_DESCRIPTION OF THE TASK_.
Your task is to print all of the data below exactly, with no pictures included.
DATA SEGMENT: Begin
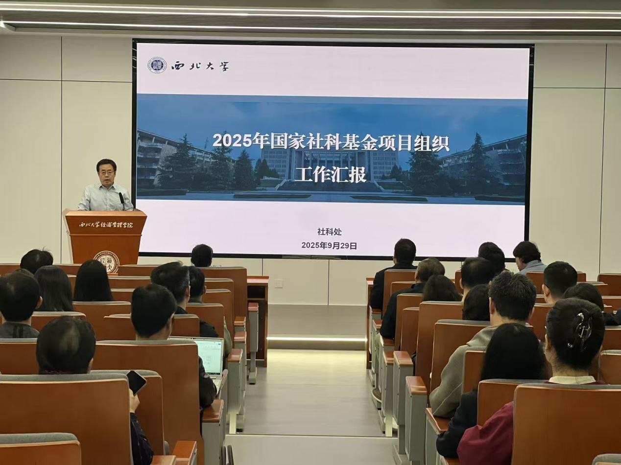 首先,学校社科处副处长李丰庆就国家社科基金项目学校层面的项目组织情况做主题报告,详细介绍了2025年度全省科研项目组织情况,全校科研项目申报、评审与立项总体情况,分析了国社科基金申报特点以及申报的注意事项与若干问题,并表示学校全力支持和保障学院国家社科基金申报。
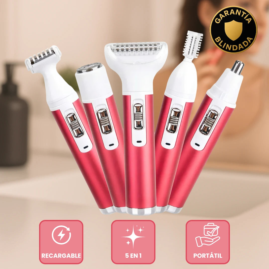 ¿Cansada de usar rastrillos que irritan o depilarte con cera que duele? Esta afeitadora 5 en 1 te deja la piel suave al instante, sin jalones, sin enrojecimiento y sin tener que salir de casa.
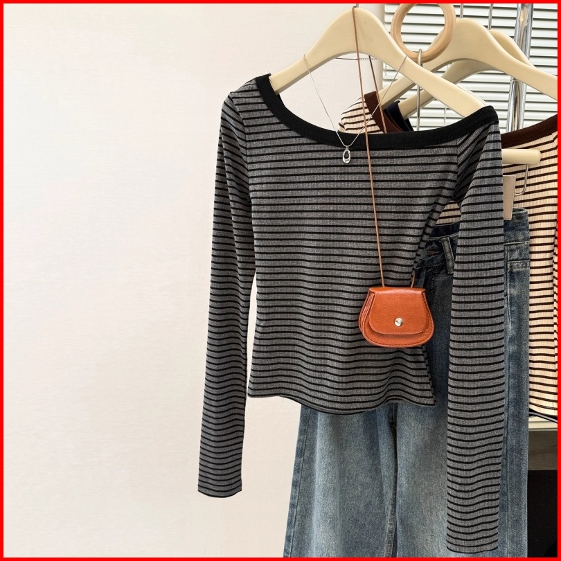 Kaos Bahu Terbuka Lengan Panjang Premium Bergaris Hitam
DATA SEGMENT: End
_THE COMPLETED TASK_.
 首先,学校社科处副处长李丰庆就国家社科基金项目学校层面的项目组织情况做主题报告,详细介绍了2025年度全省科研项目组织情况,全校科研项目申报、评审与立项总体情况,分析了国社科基金申报特点以及申报的注意事项与若干问题,并表示学校全力支持和保障学院国家社科基金申报。
 ¿Cansada de usar rastrillos que irritan o depilarte con cera que duele? Esta afeitadora 5 en 1 te deja la piel suave al instante, sin jalones, sin enrojecimiento y sin tener que salir de casa.
 Kaos Bahu Terbuka Lengan Panjang Premium Bergaris Hitam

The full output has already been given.